Methods and apparatus to incorporate user feedback during planning. In one embodiment, first and second plans are generated for which user feedback is obtained and used to generate a revised plan.

Description

    CROSS REFERENCE TO RELATED APPLICATIONS
  • The present application claims the benefit of U.S. Provisional Patent Application No. 60/737,149, filed on Nov. 16, 2005, which is incorporated herein by reference.
  • BACKGROUND
  • As is known in the art, there are a variety of known planner systems to enable a user to generate a plan having a series of actions to achieve a goal. For example, the BBN Cadet (Course of Action Development & Evaluation Tool) is a mature brigade-size land maneuver planner. The user edits knowledge templates to change the planning behavior. A knowledge template is a form that describes rules. However, the BBN Cadet system does not provide a way to indicate how a new rule will interact with existing rules. The CAPES (Combined Arms Planning and Execution Monitoring System) is a combination of several well-developed parts such as a OneSAF simulator, a FOX-GA genetic COA generator, and a DAVINCI map view with limited integration. CAPES does not have a planner per se; FOX-GA is only a planning aid that can get a rough plan by doing very high-level war-gaming. To influence FOX-GA, the user would have to change its evaluation function, which would require a very highly sophisticated and technical user, which may not provide a practical system.

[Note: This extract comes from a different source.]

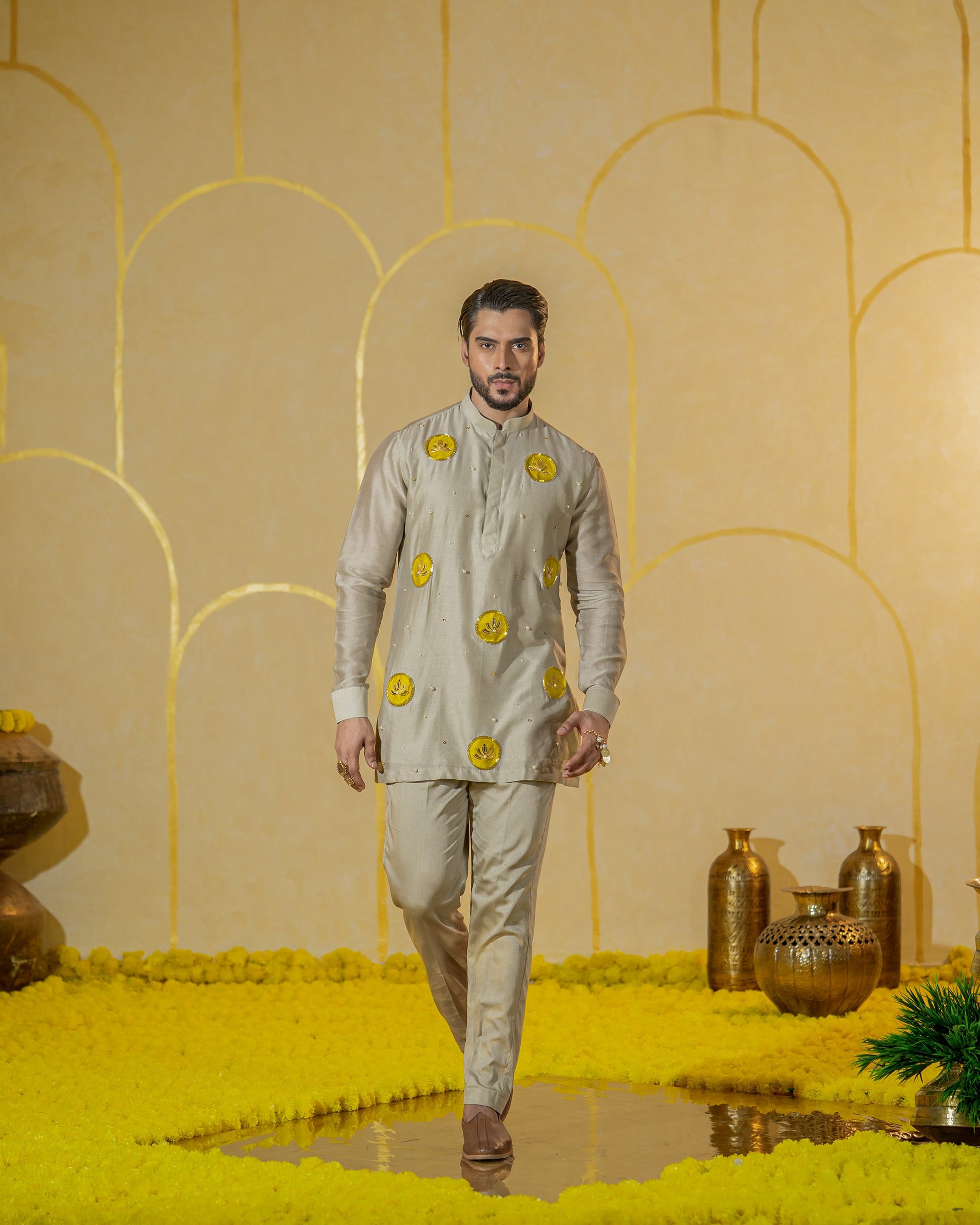 Every gathering has a certain rhythm, like the connections we form with our loved ones. This greenish grey kurta set embodies that rhythm with its applique circles, lotus motifs, and scattered pearls, making it perfect for festive occasions. Paired with monochrome vegan silk pant pajamas, this ensemble is a celebration of craftsmanship and connection, making it an ideal choice for festive occasions where every detail matters.

  • In U.S. Pat. No. 5,940,816, entitled “Multi-objective decision support methodology,” the Abstract states “[a] method for effecting computer implemented decision support. The method can improve on a candidate solution by allowing problem solving methods to cooperate towards the creation of a more desirable solution. The method can realize an enhanced understanding of tradeoffs inherent in competing objectives, and can incorporate factors or special considerations not easily specified, by enabling the decision maker to actively participate in the creation of a more desirable solution.”

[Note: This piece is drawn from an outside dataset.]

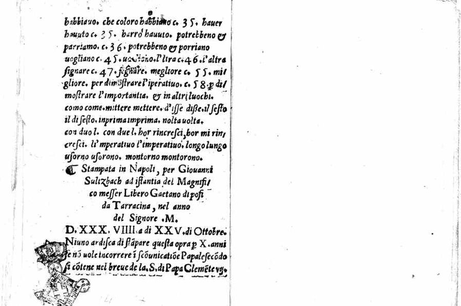 - (Stampata in Napoli per Giouanni Sulzbach ad istantia del magnifico messer Libero Gaetano di pofi da Tarracina 1539 a di XXV. di Ottobre)

  • The '816 patent describes a decision support approach to helping a user improve a plan, but does not use a planner to help the decision support system focus the user on important problem areas. The '816 patent discloses creating a set of candidate plans, such as on a set of CPUs, and teaches displaying the candidates to the user, possibly ordered by a weighted sum of metrics. The '816 patent discloses that the user can dynamically interact with the set of candidate solutions, possibly editing them. Eventually the user chooses one. However, the only way the user can influence the generation of plans is to edit a plan and put it back in the population. This method relies on agents creating enough of a variety in the population of solutions that one will be acceptable. The approach is similar to a Genetic Algorithm, in that there are improver agents that can randomly combine solutions to create hybrids. However, this system offers no way for the user to express feedback on which parts of plans are good.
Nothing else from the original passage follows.